А ведь любой его указ нес, как и благо, так и вред великий. Запретил на севере кочи строить и полотно домотканое рукодельницам ткать — чем поморов русского севера со всеми их промыслами разорил. А бездумное насаждение западничества ведь не только культуру принесло, польза от которой сомнительна, но и вред голимый. Да и крепостное право в его рабской форме именно Петр насаждать стал!

Одно это все его заслуги напрочь перечеркивает — полтора века откровенного рабства всему русскому народу такие невыносимые беды принесли, что в конце двадцатого века икалось. Вот тебе и цена реформ — одно лечим, а другое калечим.

Так что если на одну чашу весов заслуги положить, а на другое все беды, что на народ обрушились, то возникает закономерный вопрос — а на хрена такие реформы нужны, которые выгодны кучке богатеев, а всех остальных не только по карману бьют, в холопов превращают?!»

— Иначе нельзя, Василий Алексеевич, ибо, что сейчас не продумаем, то потом за наши глупости весь народ страдать будет. Потому важно Земской Собор собрать как можно быстрее, и мнение всего населения услышать. А не прислушиваться к всяким меншиковым и шафировым, курбатовым и прочим прихлебальщикам, что казну разворовывают. Одних бояр с купцами слушать тоже нельзя — они о своей мошне заботятся, а о нуждах государства думают в последнюю очередь.

Так что школы создавать надо повсеместно, и через грамоту нравы понемногу смягчать. Образование всегда таково, полезно оно, людей лучше делает, и умом, и нравственностью.

Надеюсь, что при жизни своей, плоды эти увижу!

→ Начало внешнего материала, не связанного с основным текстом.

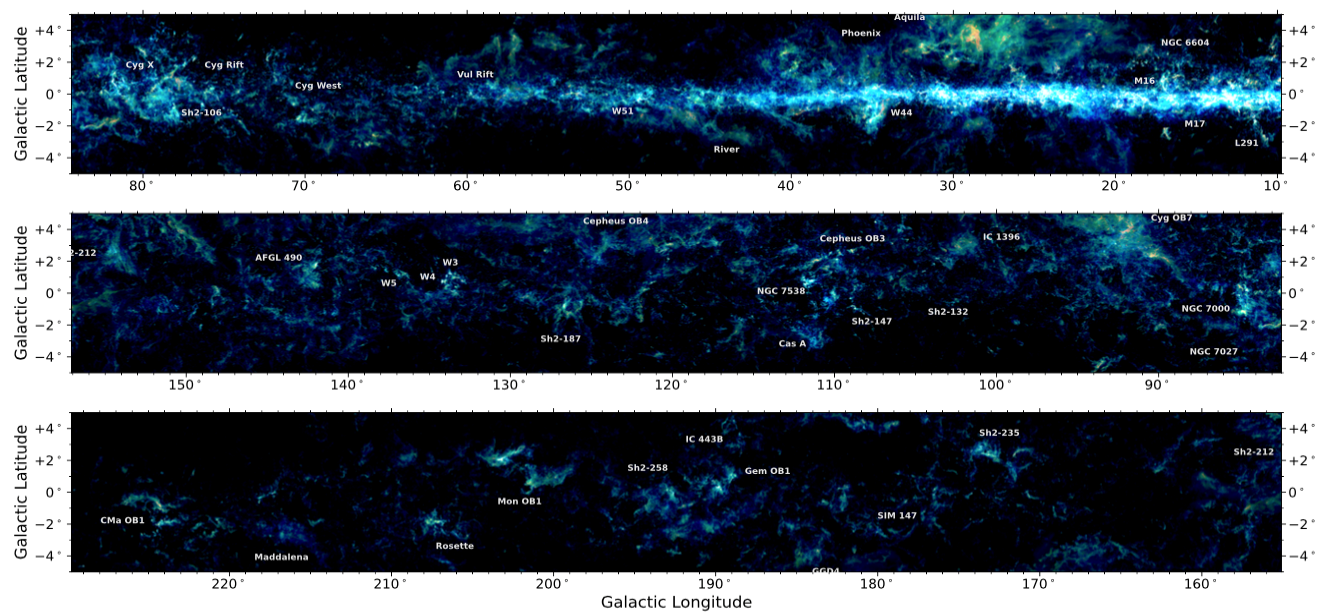 “銀河畫卷”巡天計劃是一項大規模毫米波分子譜線巡天計劃。該巡天覆蓋北天銀道面附近(銀經10至230度,銀緯±5.25度)2310平方度天區,通過探測星際一氧化碳及其同位素分子氣體發出的毫米波譜線信號,高精度描繪出銀河系分子氣體的分布與結構。科研團隊自2011年起,歷時10餘年完成一期巡天,累計獲取超過1億條譜線數據,構建了目前最完備的毫米波一氧化碳分子譜線數據庫,為銀河系研究提供了前所未有的全景視角。
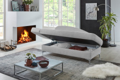 Das scheinbar endlose Meer, das leise Wellenrauschen und das unvergleichbare Freiheitsgefühl, welches man erhält, wenn die Blicke ungestört bis zum Himmelsgewölbe wandern, all das wirkt auf uns Menschen sehr beruhigend. Wollen Sie diese wohltuende Wirkung in Ihren vier Wänden Tag für Tag verspüren? Dann nehmen Sie sich einen Augenblick Zeit und schenken Sie Ihre volle Aufmerksamkeit dem wunderschönen Schlafsofa Greta von Nehl. Dieses bezaubernde Möbelstück lässt Sie in Tagträumereien schwelgen, wirkt durch seine silbergraue Farbe unaufdringlich und verleiht auch einem kleinen Raum Weite. Zudem ist Greta mit den hochwertigen Materialien, der ausgefeilten Polsterung und der 8-fach abklappbaren Armlehne, welche als Kopfteil dient, ein perfekter Rückzugsort, um ein Nickerchen zu machen oder einfach mit einem Buch zu entspannen. Dieses Sofa von Nehl ist ein wahres Multifunktionstalent, mühelos und raumsparend verstaut Greta all Ihre Kuscheldecken in dem geräumigen, innenbelüfteten Bettkasten, wodurch das Schlafsofa für jeden geeignet ist, der mit einem Minimum an Platz optimal ausgestattet sein möchte. Lassen Sie sich von der ruhigen Wirkung von Greta, dem Schlafsofa von Nehl, überzeugen.
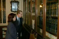 Víctor Moldes muestra a Pin la biblioteca de la institución.
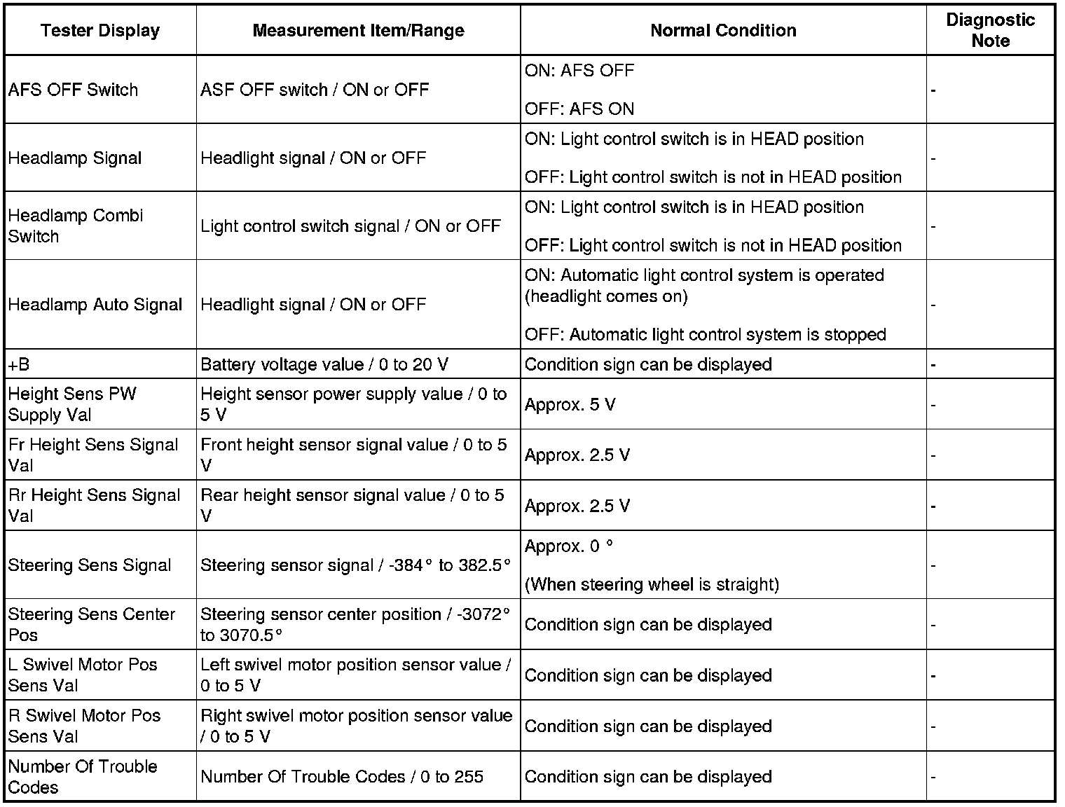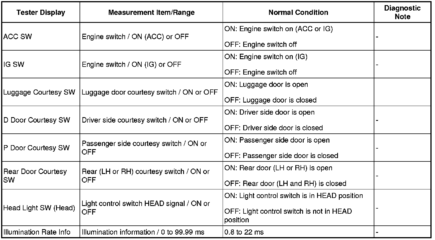 HINT: Using the Techstream to read the Data List allows the values or states of switches, sensors, actuators and other items to be read without removing any parts. This non-intrusive inspection can be very useful because intermittent conditions or signals may be discovered before parts or wiring is disturbed. Reading the Data List information early in troubleshooting is one way to save diagnostic time.
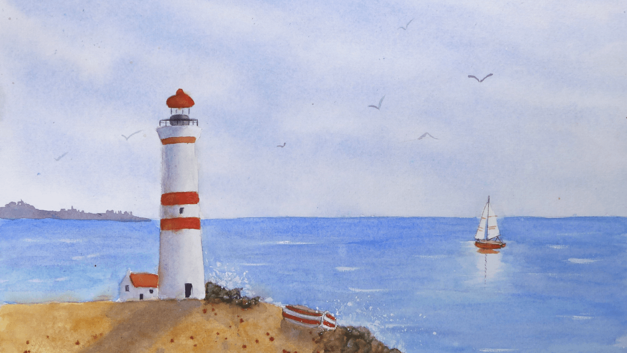 Un phare posé face à la mer, une scène simple et forte, guidée étape par étape.
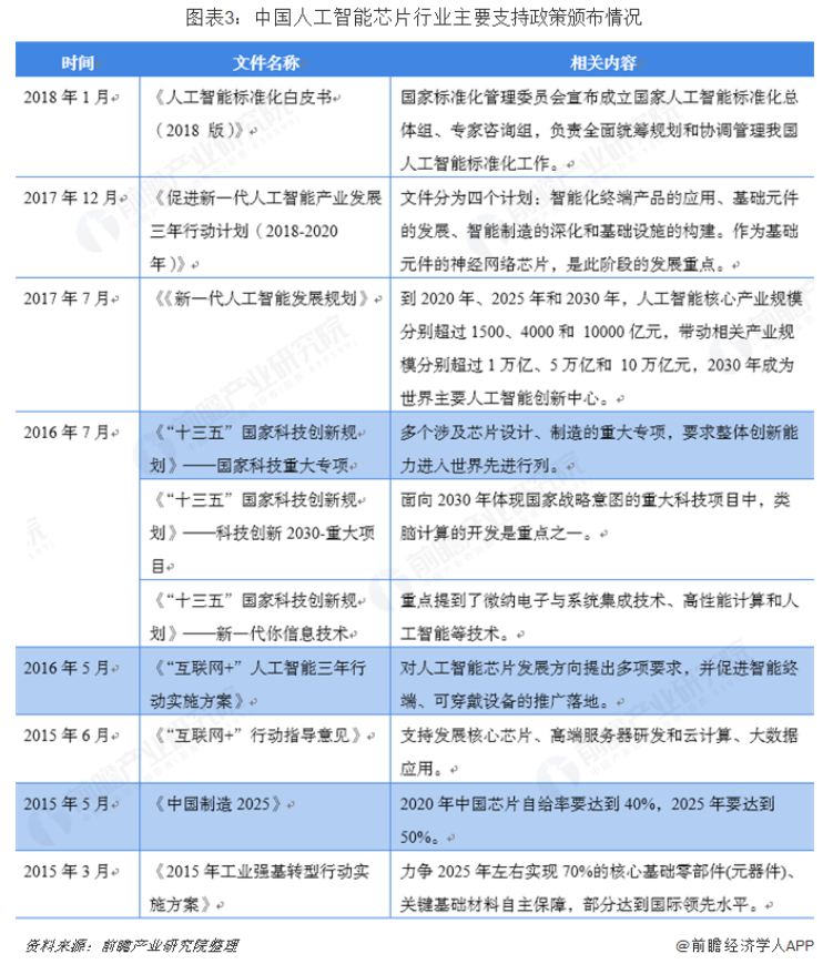 近几年国家高度关注人工智能芯片产业的发展,相继发布一系列产业支持政策。2017年7月提出的《新一代人工智能发展规划》分别制定2020年、2025年、2030年三阶段的战略目标,其中,第一阶段的《促进新一代人工智能产业发展三年行动计划(2018-2020年)》,将重点扶持神经网络芯片,希望人工智能芯片在国内实现量产且规模化应用。
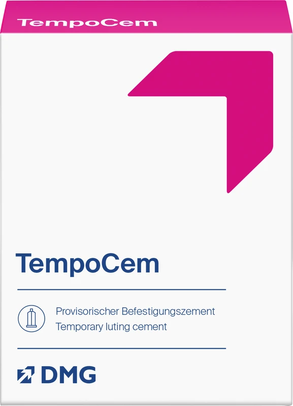 TempoCem Automix eugenolhaltiger temporärer Befestigungszement für provisorische und permanente Kronen, Brücken, Inlays, Onlays, sowie temporäre Befestigung von implantatgetragenem Zahnersatz. Automatisches Mischen und direkte Applikation. Geringe Filmdicke.
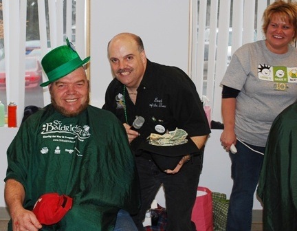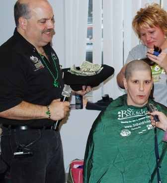 Radio station Thunder 102, which had been promoting the event for several weeks, was on hand, not only to help out, but also to participate. Both Paul Ciliberto of the morning show Ciliberto and Friends, and Mike Sakell of Sakell in the Afternoon decided to participate in the most personal way they could, by getting their heads shaved. “This is the first time I’ve been at a barber that has an audience,” said Ciliberto whose co-worker Regina Hensley said he looked like Dr. Evil from the Austin Powers movie. “What can I tell you, Erin usually cuts my hair so it’s not like I’m nervous or anything,” said Sakell as his hairdresser carved a big 102 on his head with her electric razor. Both Sakell and Ciliberto have been participating for several years now.
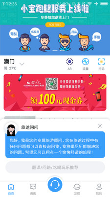 有温度的境外游人工服务,一对一24小时真人线上问答。问路、翻译、找餐厅、逛景点、送医、跑腿、送货、行程攻略,通通可撩。出境游,放心游。
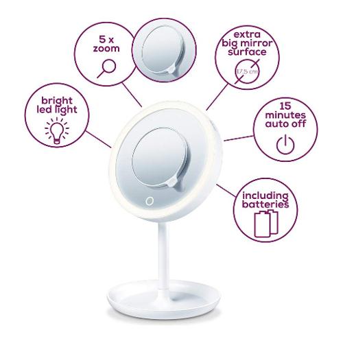 Specchio trucco da appoggio con luce e ingranditore 5x Bs45 (20x19x33,7cm) Bianco 58404
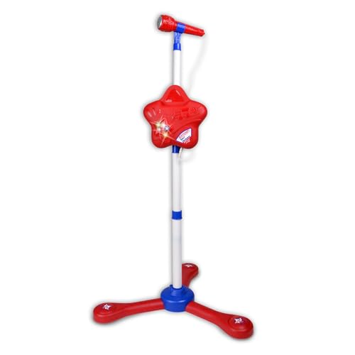 BONTEMPI - Trådlös mikrofon med justerbar stång för barn med ljuseffekter och fack för smartphone, mått 107x47x19 cm
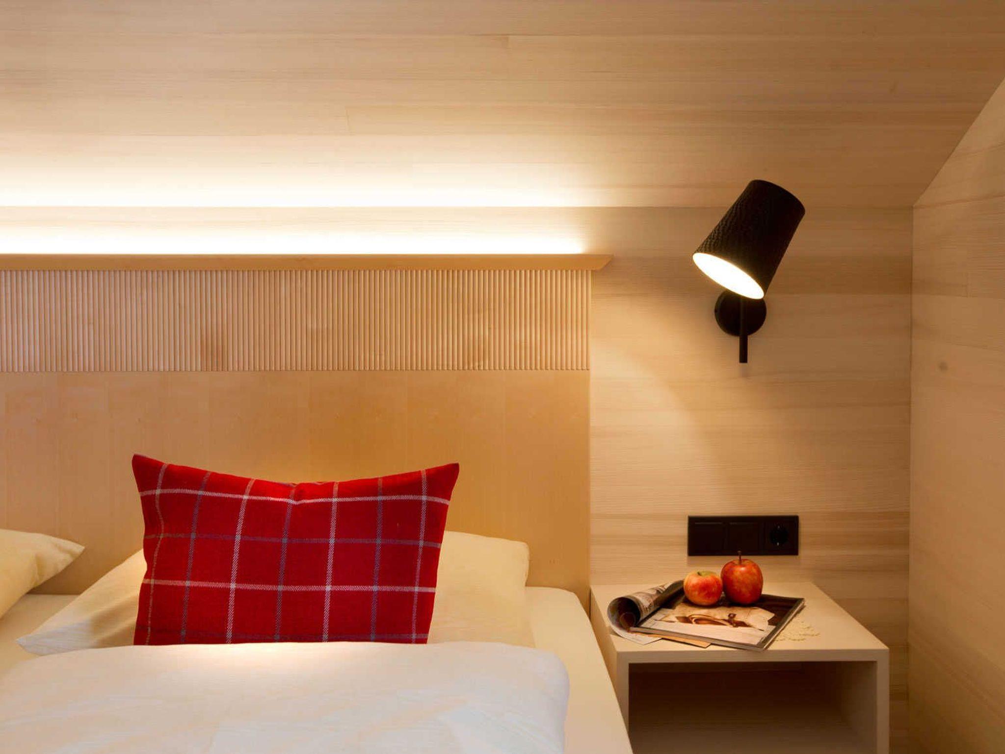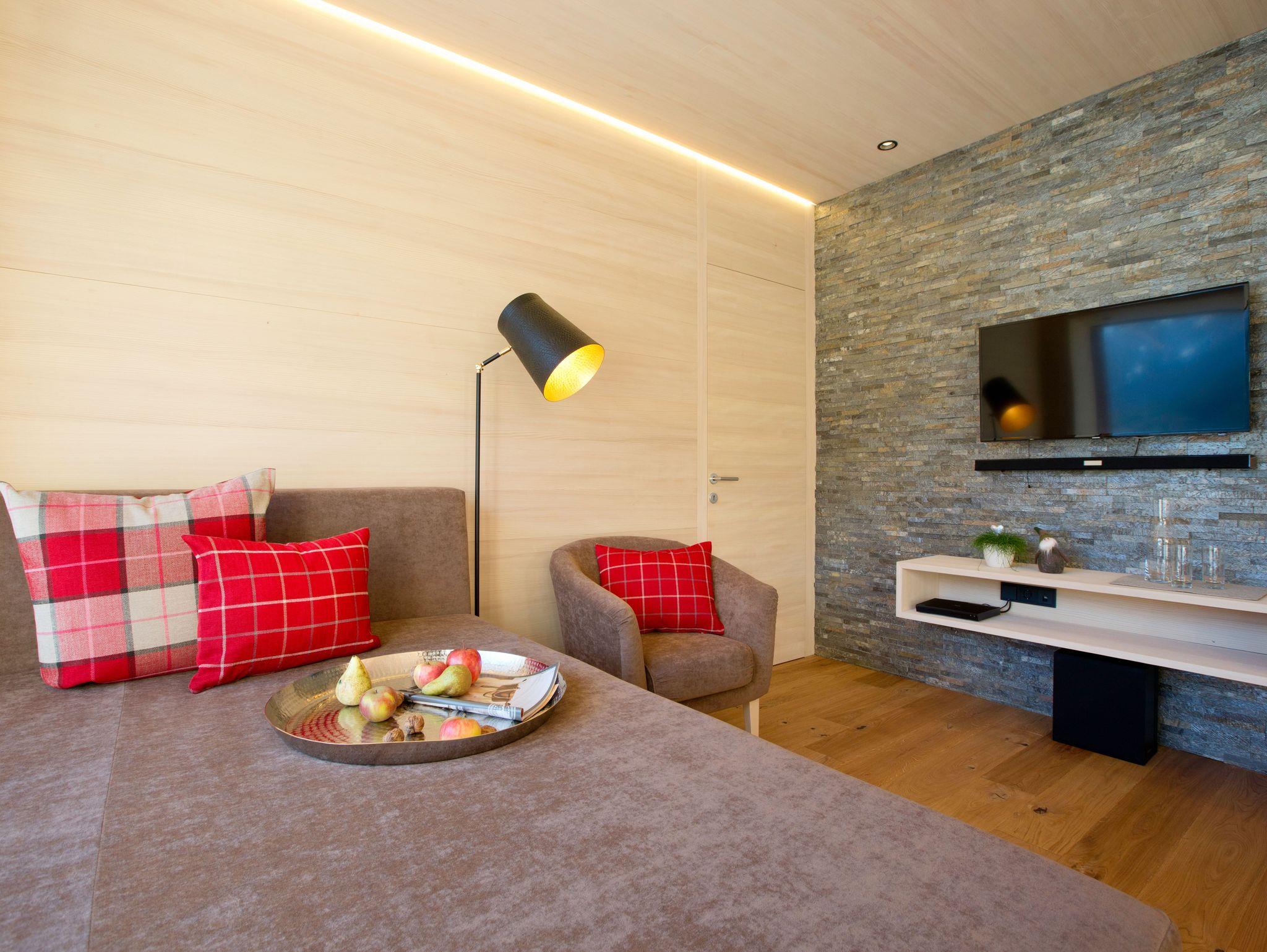 Alle Apartments sind mit hochwertigen Holzböden (Eiche Parkett), Wandvertäfelungen aus heimischer Weißtanne, Decken aus heimischer Weißtanne und Lehmputz ausgestattet.

Старик с нескрываемым удивлением посмотрел на Алексея, цокнул языком, негромко заговорил:

— Ты прав, государь. Я себя молодым помню, но как при дворе оказался, то учиться сам стал и читать, чтобы царю Федору и царевне Софье дураком не показаться. И самому интересно стало, и сыновей своих выучил цифири и чтению, книги разные читали.

Царевич Сибирский налил себе ягодного взвара — в Москве и окрестных селениях его пили постоянно, не меньше чем кваса или сбитня. А вот усадьба царевича ничего «современного» не имела — обычная вотчина в подмосковной деревеньке близь торгового села Руза, казалось, что сюда никакие петровские новшества не доберутся.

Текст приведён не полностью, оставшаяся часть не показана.